The Performance (2009)

Bond musical director David Arnold produced and coaxed the performances of a lifetime out of Shirley. When we are conditioned to comfortable musical retreads from established artists, Bassey surprises us by cuting slack to tackle unfamiliar new material from a disparate range of modern songwriters. The Oscar winning film composer John Barry weighed in with “Our time is now”, his final musical gift to Shirley but it’s Gary Barlow who takes the plaudits with his composition “This Time”. All in all, it’s a return to what Bassey does best: sweeping, orchestral overstatement. I can detect one solitary production flaw on the number “No good about Goodbye” written by Arnold himself and another potentially unused Bond theme. Shirley’s off pitch at 0.33 seconds on the word “arms” but I’m nitpicking because I found the album such a revelation. Another highlight is Rufus Wainwright’s flamenco-esque ‘Apartment’, where Bassey finds the skip of a woman half her age.

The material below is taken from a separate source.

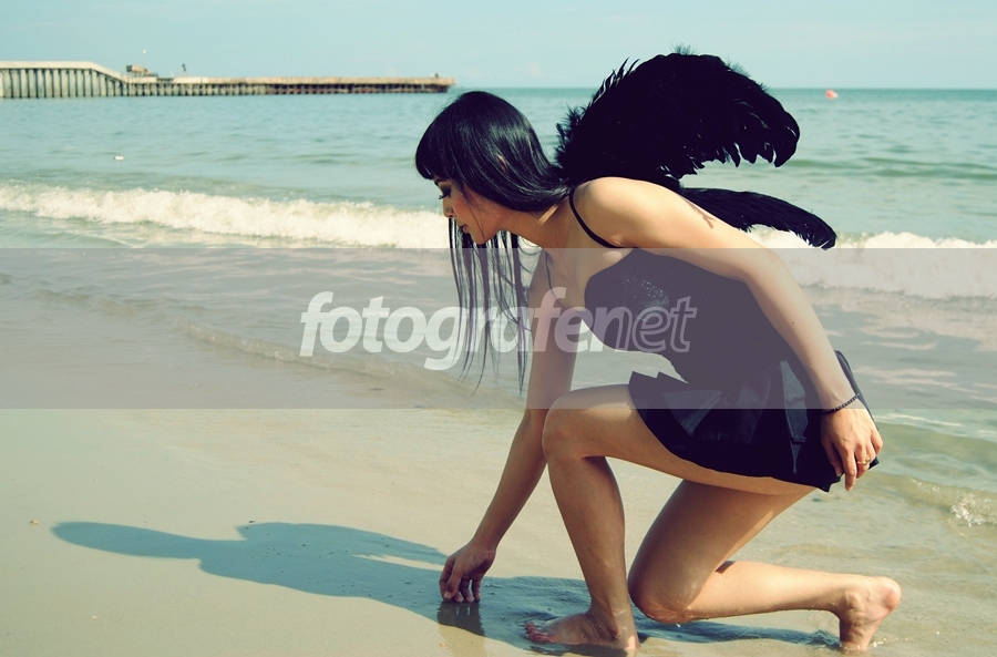 peri baru tiba dari kayangan langsung nyari kulit kerang? hehehe..nice shot..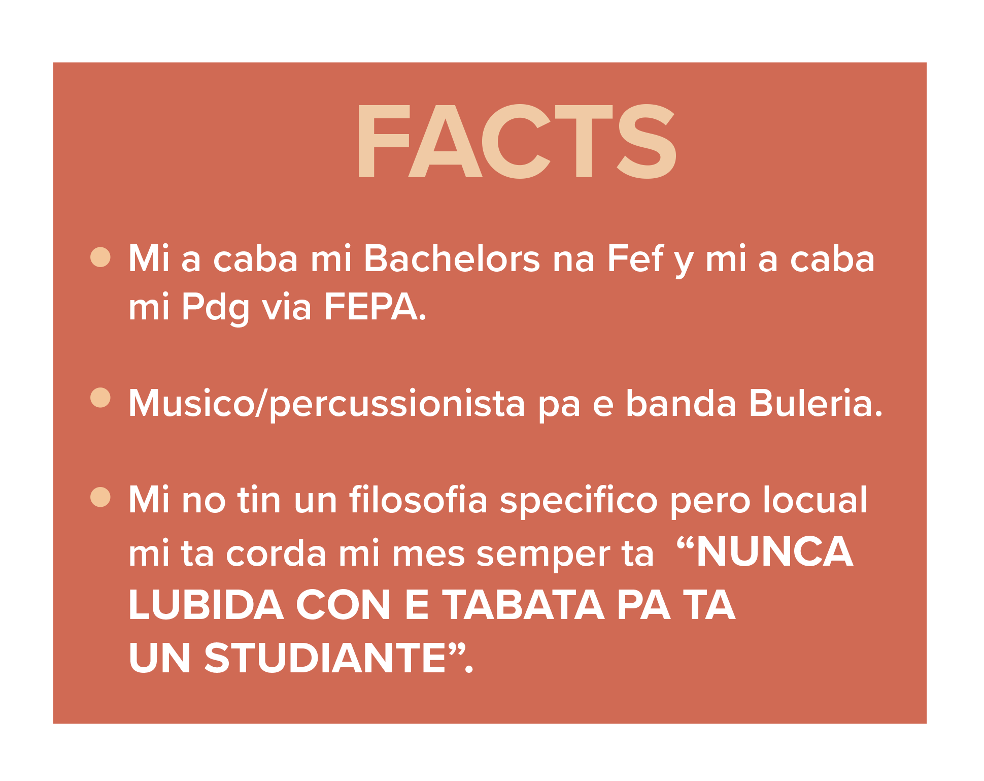 Bon personalidad y un caracter firme ta fundamental pa un docente. E mester tin pasenshi, mustra respet pa haya respet, y domina habilidadnan comunicativo cu studiantenan, mayornan y coleganan. Como docente bo ta deal cu alumnonan cu diferente caracter y background. “Respet y empatia ta base pa crea confianza den klas.”

Shirley Bassey – The Greatest Hits [Extra tracks]

Another repackage but notable for a series of year 2000 remasters and therefore ideal for all ipod enthusiasts. Featuring a remix of ‘(Theme from) Love Story’ there’s more presence to the vocals and superior “mastering levels” on the orchestral tracks. ‘Goldfinger’ still works like a blow torch through butter.

Recommended viewing

Shirley (BBC Tv drama 2011)

Watchable only for the central performance from actress Ruth Negga who spectacularly captures Bassey’s unique posturing. Aside from that it’s little more than a visual companion to John L. Williams’s book with equally just as little to commend it. I recorded and subsequently wiped the programme.

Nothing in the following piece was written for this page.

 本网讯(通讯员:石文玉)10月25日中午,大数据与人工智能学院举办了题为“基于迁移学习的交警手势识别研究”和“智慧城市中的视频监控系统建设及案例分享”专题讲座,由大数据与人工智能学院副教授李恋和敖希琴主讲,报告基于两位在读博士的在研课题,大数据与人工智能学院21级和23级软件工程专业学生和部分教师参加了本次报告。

Dame Shirley Bassey – The girl from Tiger Bay (Alan Yentob) 2009

Fresh from her triumphant 2007 Glastonbury concert and a major illness, Dame Shirley returned from semi retirement to work with an array of songwriters from KT Tunstall to Gary Barlow. Yentob charts the trials and tribulations of the recording process in a warts and all documentary as far removed from the saccharine coated lavishness of a television spectacular as one could imagine.

Recommended reading

Very little in fact if you’re looking for objectivity. The other problem is the paucity of material on the Welsh Diva. If you’re lucky enough to find it in a charity shop then part with the odd bob or two and purchase the following biography but as with so many similar volumes on stars it doesn’t focus nearly enough on what made her famous in the first place.

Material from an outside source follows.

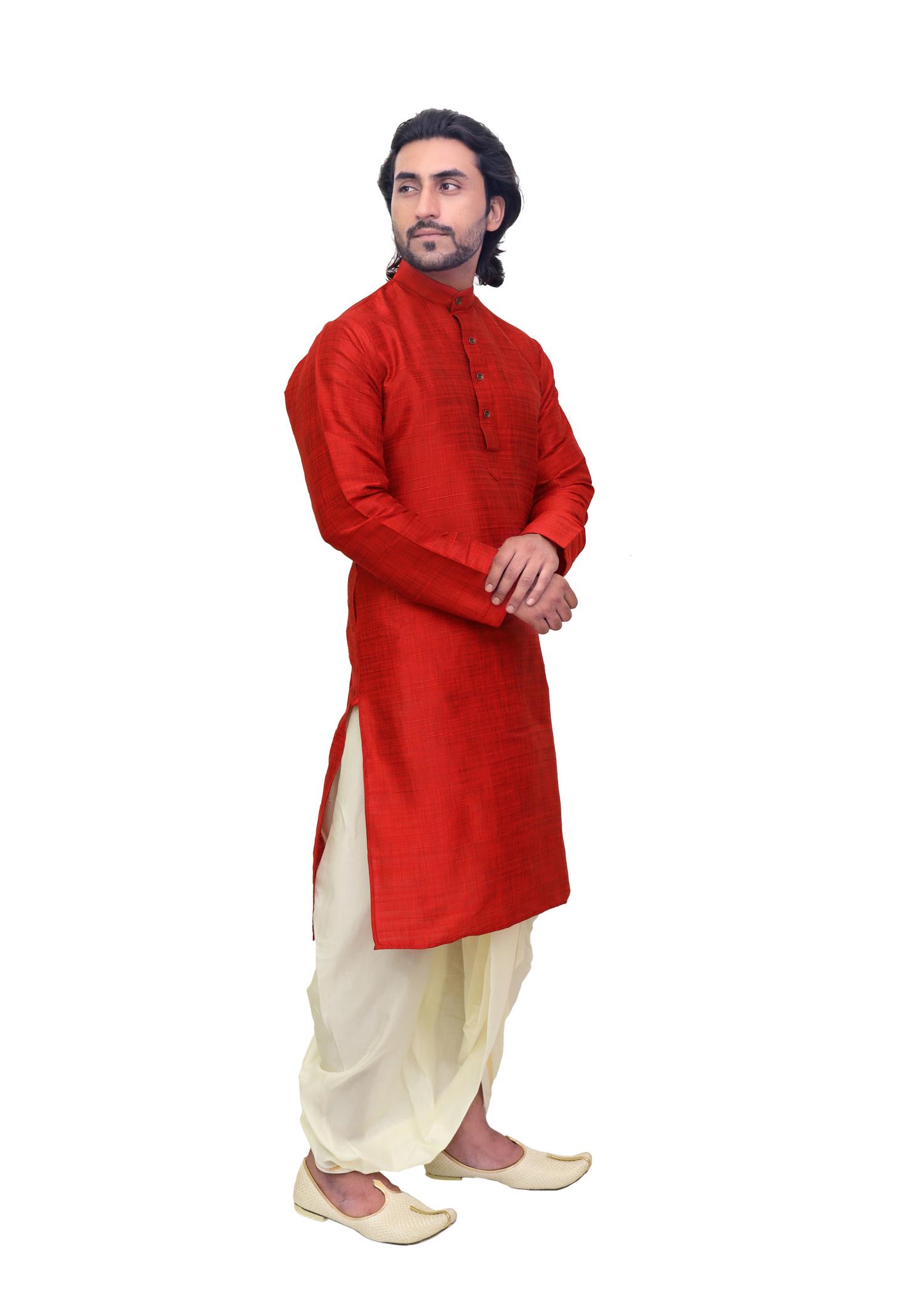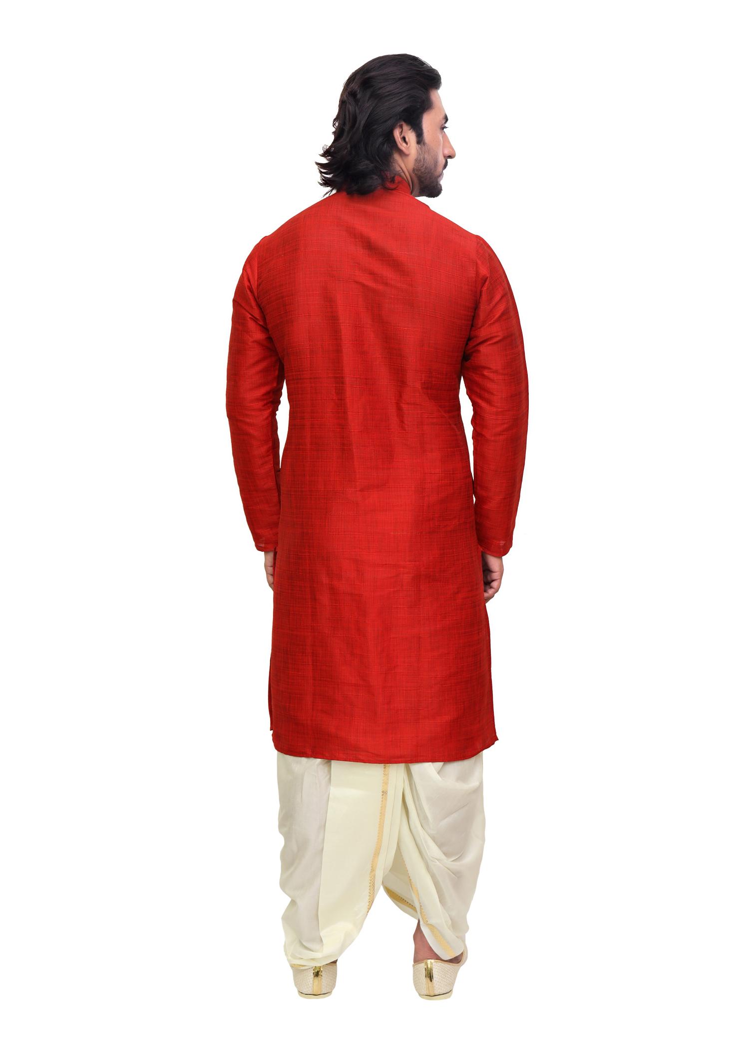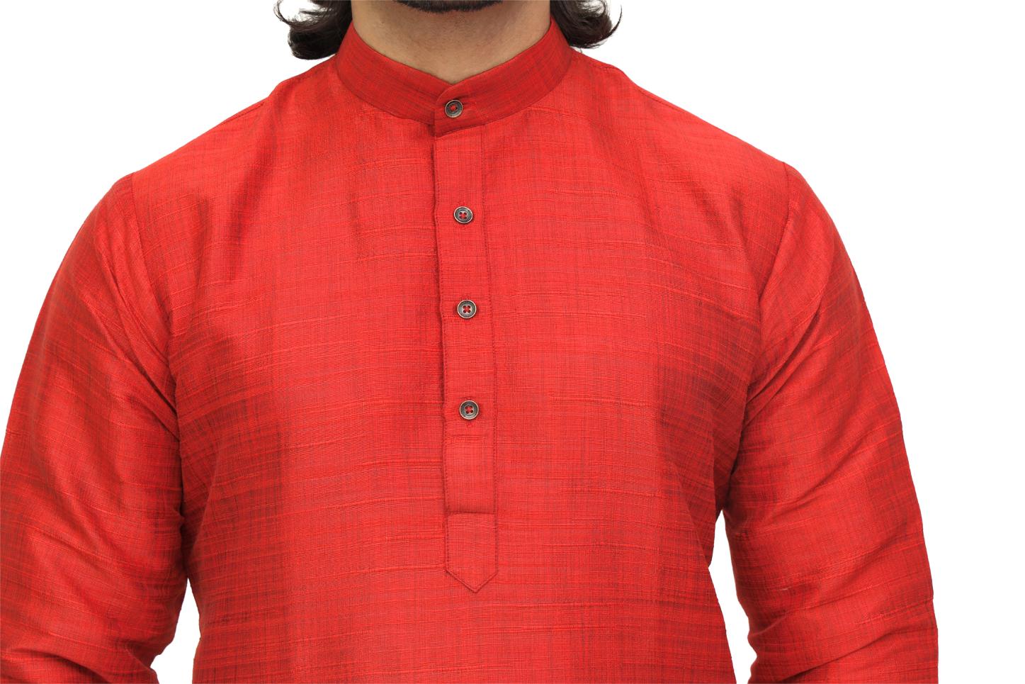 Add a touch of royalty to your ethnic wardrobe with Patwa’s Red Silk Kurta for Men. Crafted from rich silk fabric, this kurta offers timeless elegance and a luxurious feel, perfect for weddings, poojas, and festive occasions.

Miss Shirley Bassey (John L. Williams)

Her childhood among the knocking shops of Tiger Bay in Cardiff; her father’s imprisonment for raping a minor and his deportation to Nigeria; her teenage pregnancy, and the brisk decision to hand the child over to one of her sisters; her marriage to a frisky homosexual who declared himself “a little baffled” when she announced that she was pregnant again. It’s all here but Williams runs out of steam at the end of the sixties suggesting perhaps that there’s nothing else worth reporting. Shame on him…

Shirley Bassey – My life on record and in concert

This coffee table book does offer insights into her approach to vocalising and has a lustre of its own with its impressive pictorial array of album sleeves, concert programmes and posters.

Surfing

Miss Bassey

http://www.oocities.org/sbwebmaster/welcome.htm

Photo galleries, concert reviews, album sleeve scans with discography and press cuttings including:

Sex, men and me – By Shirl at 60 (The People 26/10/97)

Hardly revalatory but a damning indictment on the men who persist in forming liasons with her.

\diamondbassey.org\

Lots of rare audio and video clips. Attractively presented with career category classifications

Youtube – The 2009 Electric Proms concert, some gems from the 60’s (I always loved her theme to the 1966 espionage movie “The Liquidator”) and her two appearances on “This is your life”. Dame Shirley is not well represented on the DVD market and only occasional repeat screenings of episodes from her series with the BBC fill the void. Thanks are due to BBC4 for the odd morsel.